I like your theory on pH. I also would like to re-emphasize one of the possibilities you’ve pointed out: MCT1 expression levels in different tissues. You can find it online (free access) Nature Genetics, 45:104-108. Birosy et al. MCT-1mediated transport of a toxic molecule is an effective strategy for targeting glycolytic tumors. The data is in the supplemental section.


You can do both, i.e, one followed by another with a few hours of rest or supporting measures in between, e.g., the HBOT you have in your garage or high dose vit C. It’s been done before.

Jurgen Daub

has any body used 5BP for lymphoma or leukemia?

Jurgen Daub

sorry, should be 3BP


Hey, Jurgen.

3-BrOP is highly similar to 3-BP ( it simply adds a few carbons on one end).
3-BrOP has been found to be quite effective with leukemia and lymphoma.
It is not clear whether MD Anderson intends to move it forward.

Sylvia Smith

Dear Daniel,
I would like to request your ideas and help concerning the use of 3BP for High Grade Serous Ovarian CA . Diagnosed 1 1/2 years ago-numerous surgeries, 6 months chemo with Gemzar and Cisplat. Just had large incisional hernia repair. Went back for 1 month follow up to learn 2 areas were showing tumor growth/enlargement. One in the left subphrenic area and one above my belly button near the peritoneum. I believe the 3BP may hold promise. Doc at MD Anderson recommends starting more chemo but I am hoping to do something less toxic. What would be the best delivery? Are there any DR.s anywhere in the world you could recommend that could actively treat me? Do you know of any HGSOC patients who have been treated successfully? Thank you.


Hi Daniel,
Thanks for your research. Do you have any more information on whether Dr. Ko is beginning clinical trials? I have emailed her but have not heard back yet. And along those lines, do you know if it has effectiveness with treating multiple myeloma? Thank you again.


Hi Daniel
in the preparation IV of 3BP does not put you may need a PH meter;¿because the mixture with the correct quantities has a ph
suitable for intravenous infusion?.Does it occur the same in not buffer version?.thank you


D, I have been looking everywhere for the CAS number for radiolabeled 3-BP.
Might you know this?


D, I think I posted about this about a year ago on the compass thread. I was surfing around some of the chemical houses and I stumbled onto a radiolabeled 3-BP with a CAS number. I was fairly shocked. Was there really demand for such a chemical? My guess is Yes.
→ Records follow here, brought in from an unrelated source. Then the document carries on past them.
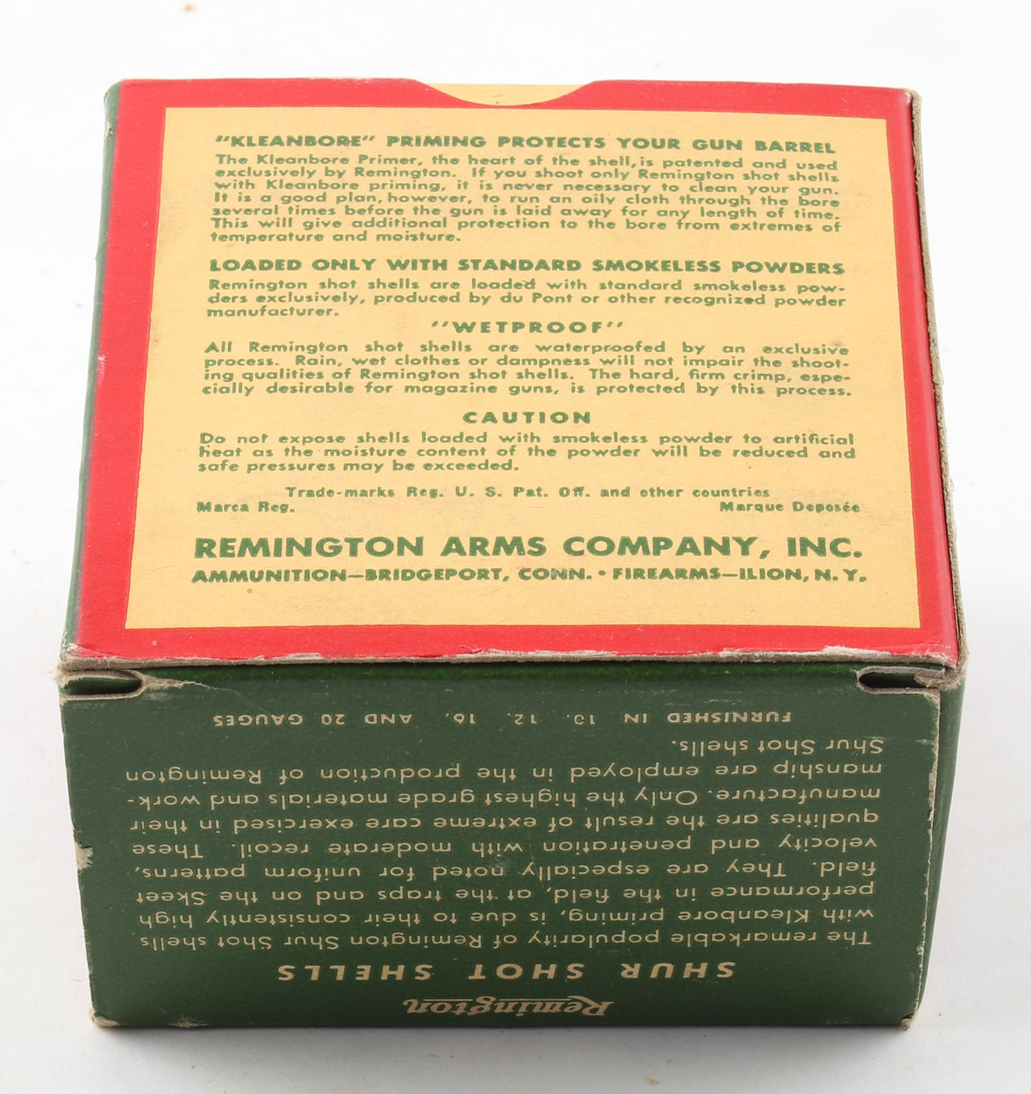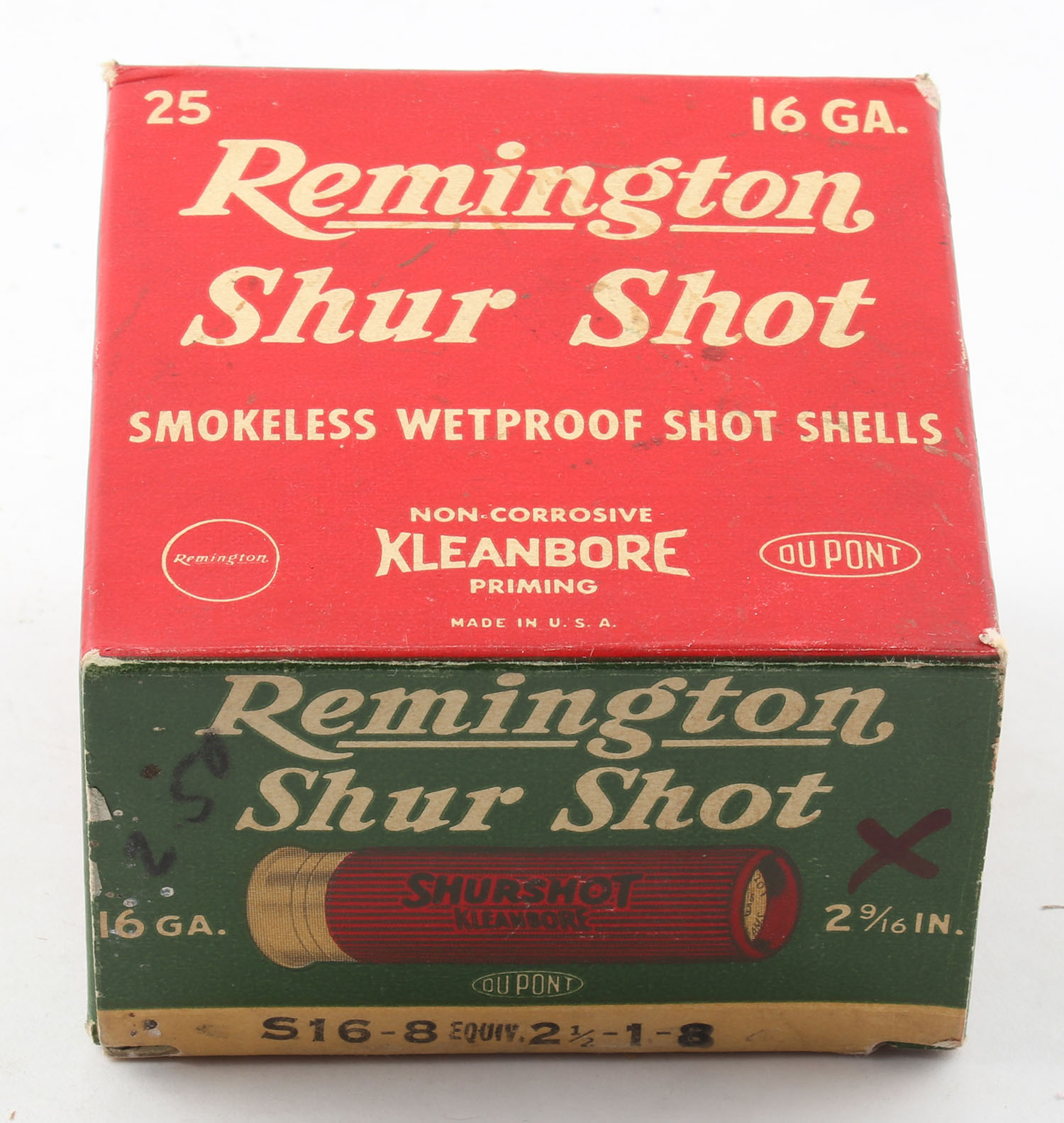 Remington Shur Shot, 16ga., 2 9/16'', 1pc., Full, shot size 8, box is white, yellow, red and green, box is very solid with excellent color, paper shells are minty. Grade: Excellent ++ - Value: 10 to 40
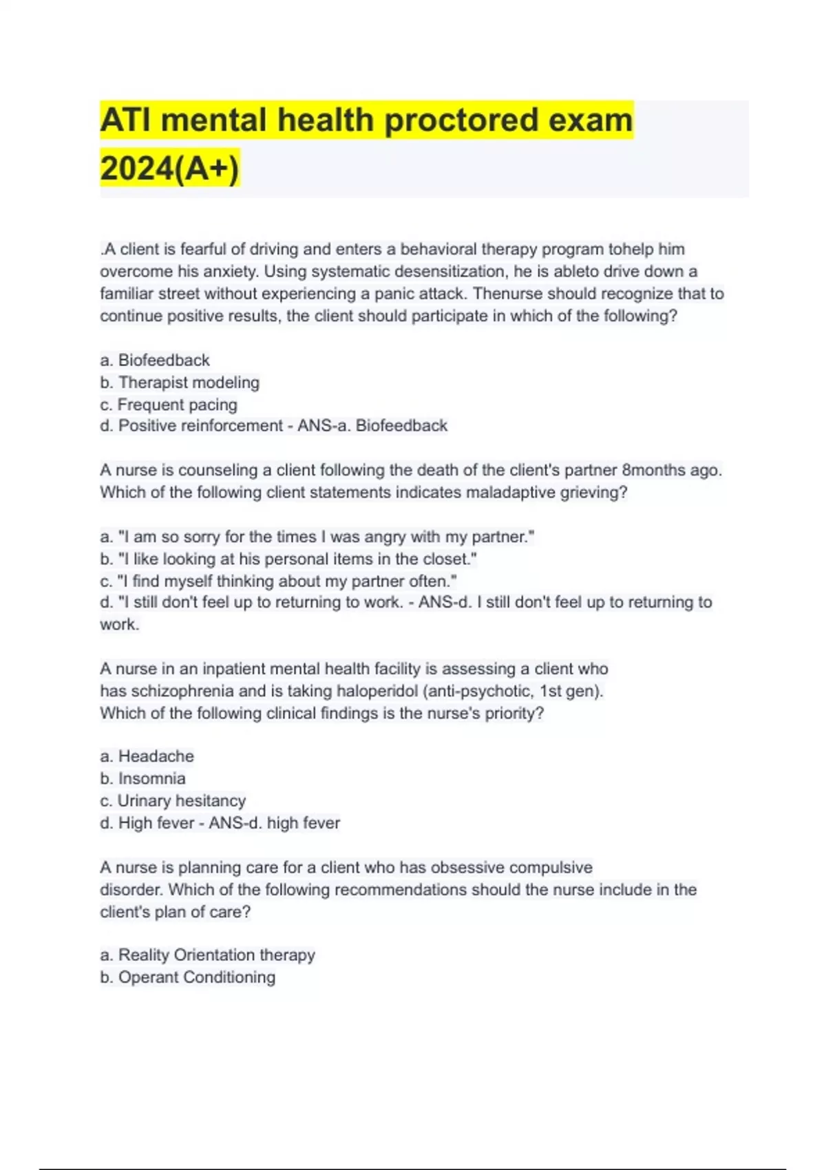 A nurse is counseling a client following the death of the client's partner 8months ago. Which of the following client statements indicates maladaptive grieving? a. "I am so sorry for the times I was angry with my partner." b. "I like looking at his personal items in the closet." c. "I find myself thinking about my partner often." d. "I still don't feel up to returning to work. - ANS-d. I still don't feel up to returning to work.
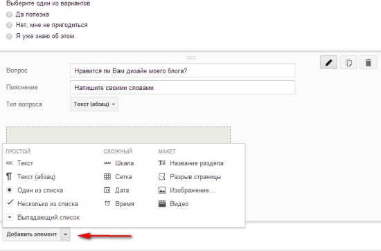 После этого открывается сама форма для создания вопросов, которая может состоять из разных элементов. Перечислю основные:
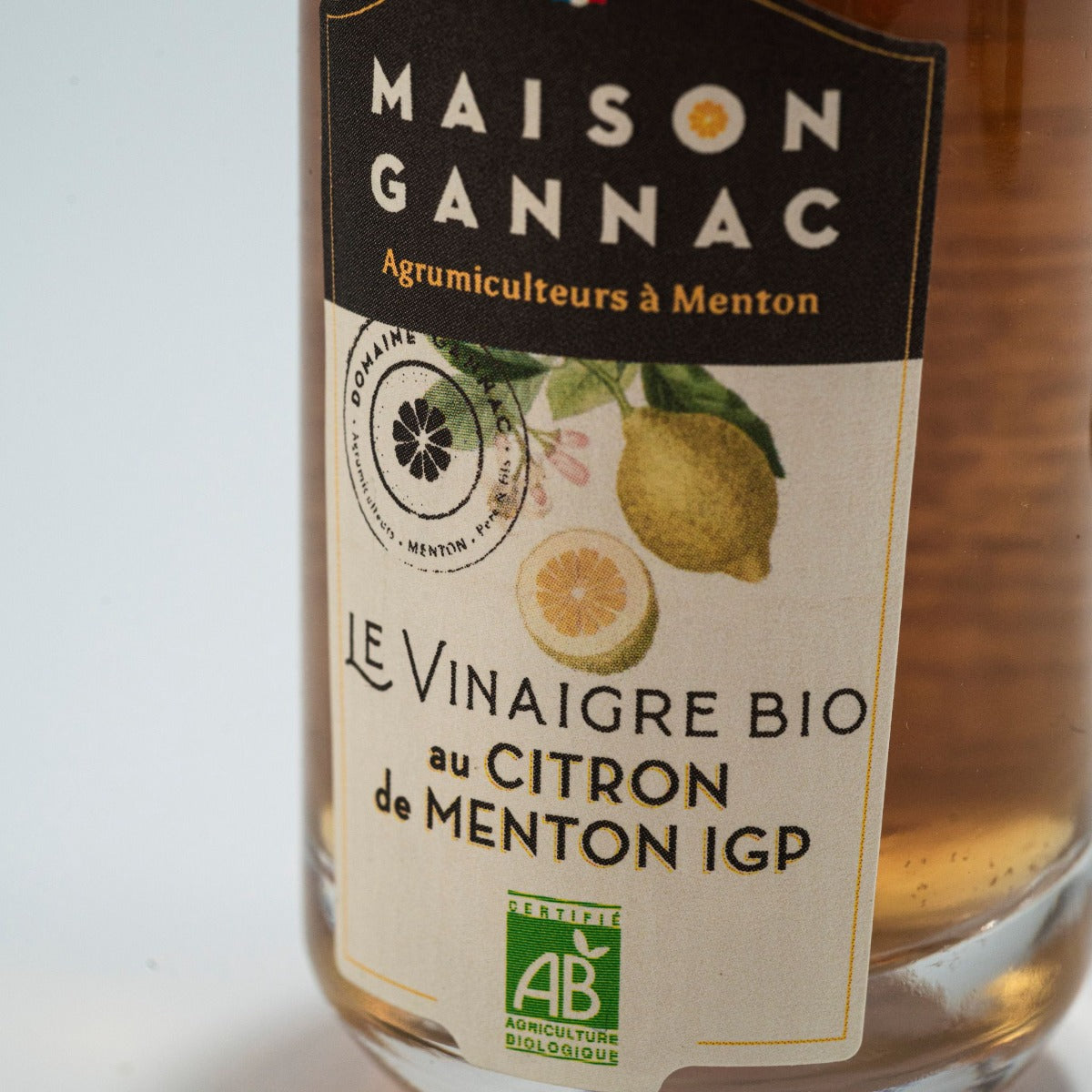 Depuis plus de 30 ans, Maison Gannac cultive ses citrons de Menton IGP BIO dans le terroir unique de Menton, au microclimat exceptionnel qui donne aux agrumes un parfum fin et intense. Pressés avec soin, leurs zestes et leurs jus infusent lentement le vinaigre bio, libérant une intensité aromatique qui en fait un condiment rare, authentique et profondément lié à son terroir.

From what I remember this was just plain 3-BP
with one of the carbon atoms replaced with C14. Actually now that I think about it, it occurs to me that this might have been in one of the 3-BP patents.
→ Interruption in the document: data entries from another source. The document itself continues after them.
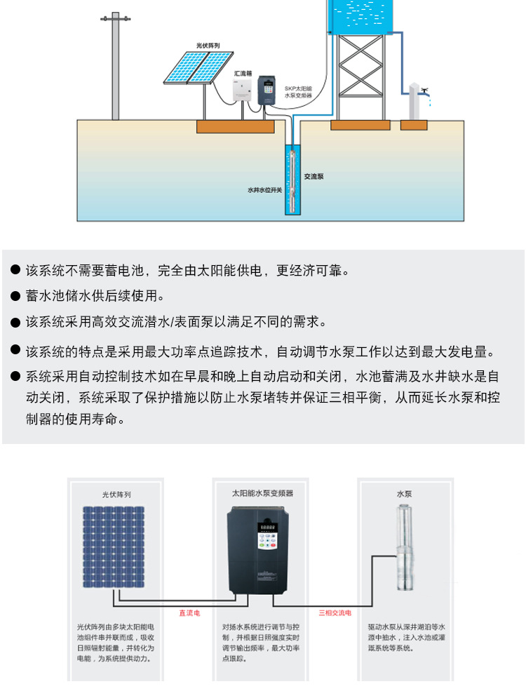 應(yīng)用行業(yè):廣泛應(yīng)用于陽光充足、市電短缺的地區(qū),可以解決農(nóng)場(chǎng)灌溉、畜牧養(yǎng)殖、生產(chǎn)生活的用水問題
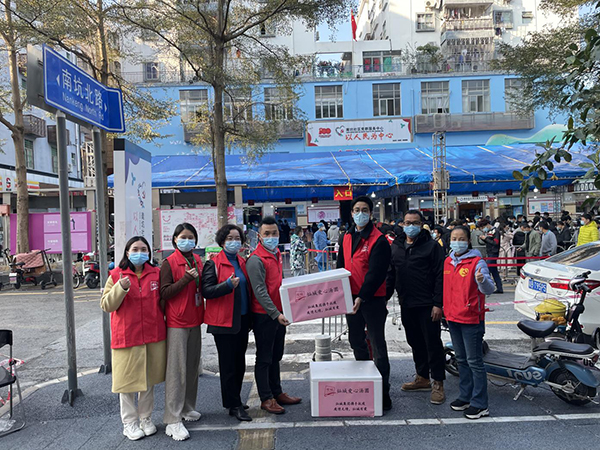 廣東燦城農產(chǎn)品集團有限公司創(chuàng )始人林育英女士看在眼里疼在心里,2月27日下午15:00-16:00,連著(zhù)幾天在林育英女士帶領(lǐng)下,燦城同事前往龍崗區坂田街道、四季花城社區、萬(wàn)科城哥倫布廣場(chǎng)檢測點(diǎn)、萬(wàn)科城南門(mén)檢測點(diǎn)、中海日輝臺(貝爾路地鐵 A出口)檢測點(diǎn)等二十余個(gè)檢測點(diǎn)派送愛(ài)心湯圓,給各站點(diǎn)防疫工作人員送上溫暖。
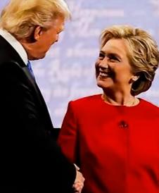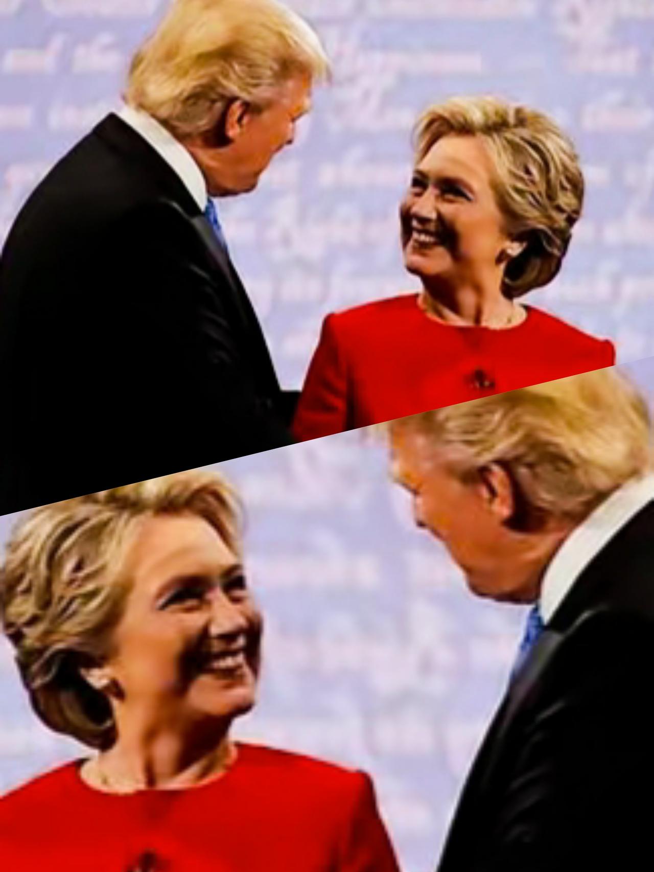 希拉里和特朗普两人在聊什么事情呢? 希拉里满脸笑容,这么开心啊! 特朗普握着希拉里的手,有没有施展大力握手绝活呢? 面对希拉里的笑容,特朗普此时会是什么样的表情呢?会是什么样的心情呢?
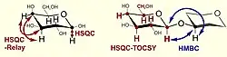 | 1H,13C HSQC Relay | Implicit carbon-carbon correlation via vicinal couplings of the attached protons | assignment of neighboring carbon atoms |
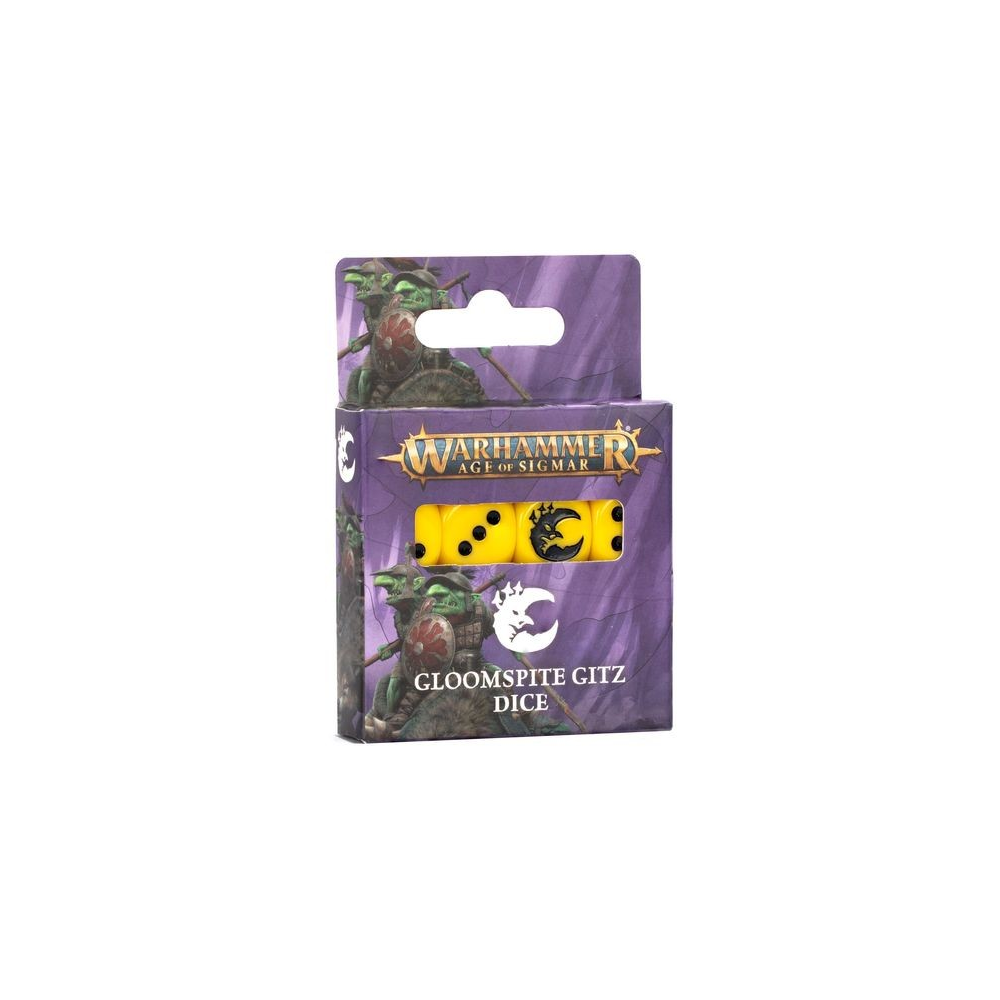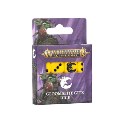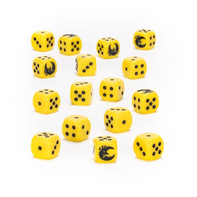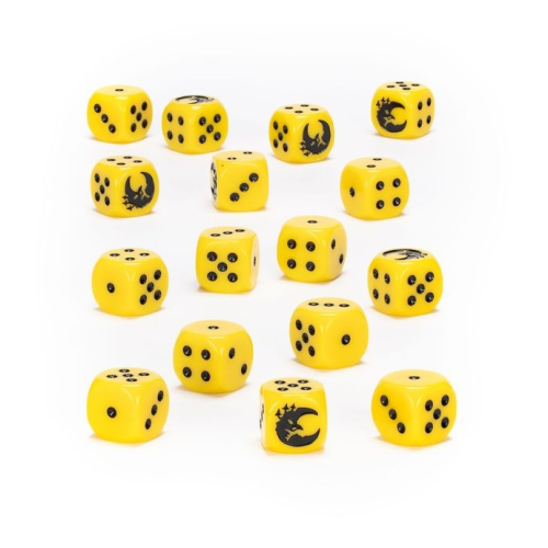 Este juego de 16 dados de seis caras con bordes redondeados para usar en partidas de Warhammer Age of Sigmar presenta la temática de los Tipejoz Nokturnoz. Están fabricados en plástico acrílico amarillo con muescas y diseños en tinta negra, y miden 16 mm de arista. Las caras del 1 al 5 presentan los puntos tradicionales y la cara del 6 está decorada con el icono de los Tipejoz Nokturnoz, la Luna Malvada cubierta de setas.

This has me super excited! 3-BP has been out there for 20 years and it still has not really got very far. There have been some very large responses, though others do not have such responses. What I think would help
so much is having a biomarker that could prospectively identify those patients that would have super responses.

I am not sure how the radiochemistry works, though the game plan that I have is to give something like a radiolabeled 3-BP or lactate and then do a PET/CAT (whatever) scan and see if the entire tumor mass would light up. With the liver patient and the melanoma patient, such scans would have clearly shown that they would be Super-responders. The great part about this is that with the melanoma patient he actually did not
respond at first; it was only when they added in the paracetamol. Yet, with the 3-BP scanner, the response would still be highly predictable because all you need is for the radiolabeled 3-BP to enter via MCT-1.
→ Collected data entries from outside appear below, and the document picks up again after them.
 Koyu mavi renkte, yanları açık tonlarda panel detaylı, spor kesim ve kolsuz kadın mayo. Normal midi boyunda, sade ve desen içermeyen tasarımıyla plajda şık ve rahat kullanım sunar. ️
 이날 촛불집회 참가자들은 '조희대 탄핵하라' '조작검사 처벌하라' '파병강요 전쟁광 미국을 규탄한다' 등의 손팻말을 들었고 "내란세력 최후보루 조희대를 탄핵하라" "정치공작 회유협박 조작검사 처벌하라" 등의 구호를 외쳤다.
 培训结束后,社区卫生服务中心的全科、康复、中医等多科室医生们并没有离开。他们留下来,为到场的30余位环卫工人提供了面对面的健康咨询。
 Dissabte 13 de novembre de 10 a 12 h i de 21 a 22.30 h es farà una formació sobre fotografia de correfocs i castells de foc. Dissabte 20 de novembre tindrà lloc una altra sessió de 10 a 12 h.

What is also fairly interesting about this is that it perhaps could be done under the radar. A patient could go
in for a fairly routine scan, use the existing infrastructure and possibly determine that they were super responders.

The idea here is that 3-BP would then have a very large amount of momentum to be approved under an orphan indication. The argument that has been ongoing about 3-BP could then no longer continue.

D, what do you think? I believe that finder has been thinking and working to move this idea forward quietly,
though it might be good to start a conversation about this.